Quando ha ricevuto il copione, Hawkes aveva già una pila di importanti sceneggiature da leggere e selezionare. Tuttavia THE SESSIONS si distingueva dalle altre. “Sono rimasto conquistato dal copione”, dice Hawkes. “Era una storia bellissima, che racconta solo un breve periodo della vita di Mark O’Brien, ma molto intenso”.
Lewin era felice che Hawkes avesse accettato il ruolo. “Ecco un attore incredibile, pronto a mettersi alla prova per interpretare la fisicità di O’Brien nel modo più veritiero e rendere la performance il più autentica possibile. Con un attore del genere, iniziare è stato facile”, afferma il regista.
I due si sono incontrati a Los Angeles e hanno pranzato insieme. “Ben mi ha affascinato quanto il suo meraviglioso copione”, racconta Hawkes. “E’ stato interessante parlare con lui. Ho subito chiesto a Ben se avesse considerato per la parte un attore disabile, e lui mi ha risposto che aveva speso molto tempo a fare audizioni, incontrando anche diversi attori disabili, alcuni dei quali hanno preso parte nel film in altri ruoli. Ma nessuna delle persone che aveva selezionato possedeva le qualità che stava cercando per la parte e per questo aveva considerato me. E sono felice che lo abbia fatto”.
“Quando ho letto per la prima volta l’articolo di Mark, pensavo che un attore disabile sarebbe stato più adatto per interpretare Mark. Volevo che la storia risultasse il più autentica possibile e questo mi sembrava il perfetto punto di partenza”, dice Lewin. “Ho inviato il copione a tre organizzazioni per disabili a New York, Los Angeles e San Francisco, ma senza alcun esito.

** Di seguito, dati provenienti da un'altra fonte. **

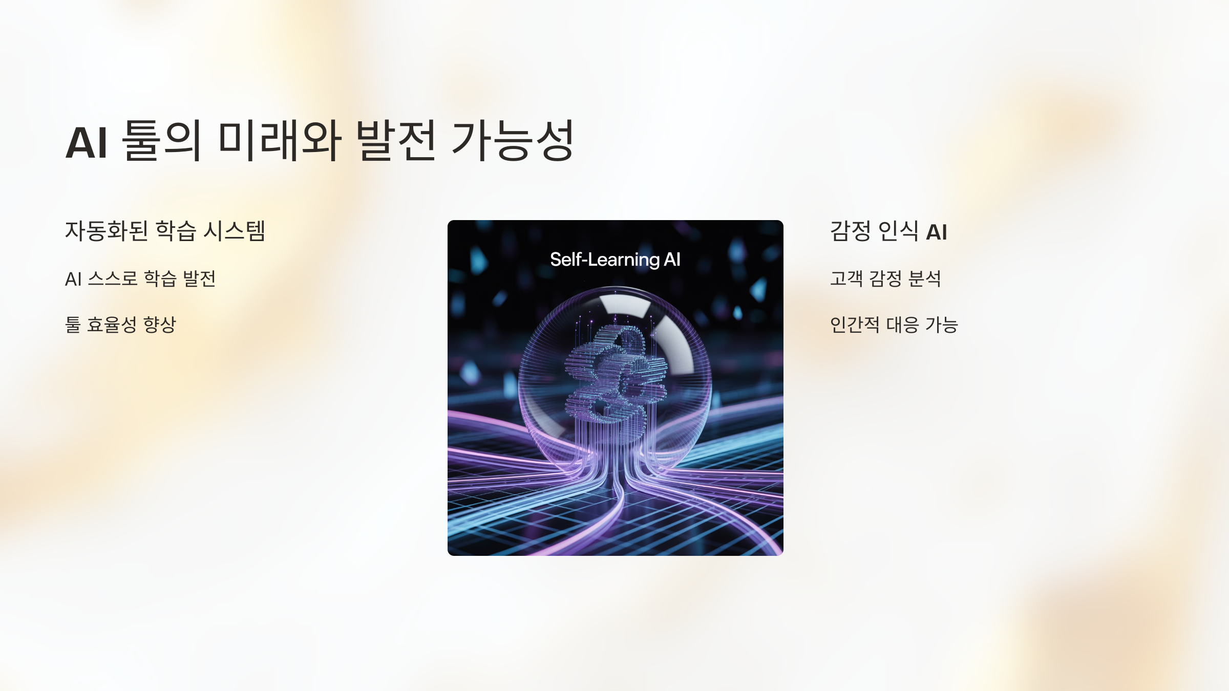 | 자동화된 학습 시스템 | AI가 스스로 학습하고 발전하는 시스템으로, 툴의 효율성을 더욱 향상시킬 것입니다. |

Fra loro abbiamo scritturato due eccellenti attori disabili, Jennifer Kumiyama e Tobias Forrest, per interpretare gli altri personaggi disabili che compaiono nel film. Hanno dei ruoli piuttosto importanti e vantano una solida esperienza recitativa nonché un grande ritmo comico. Lavorerei di nuovo con loro senza pensarci due volte”.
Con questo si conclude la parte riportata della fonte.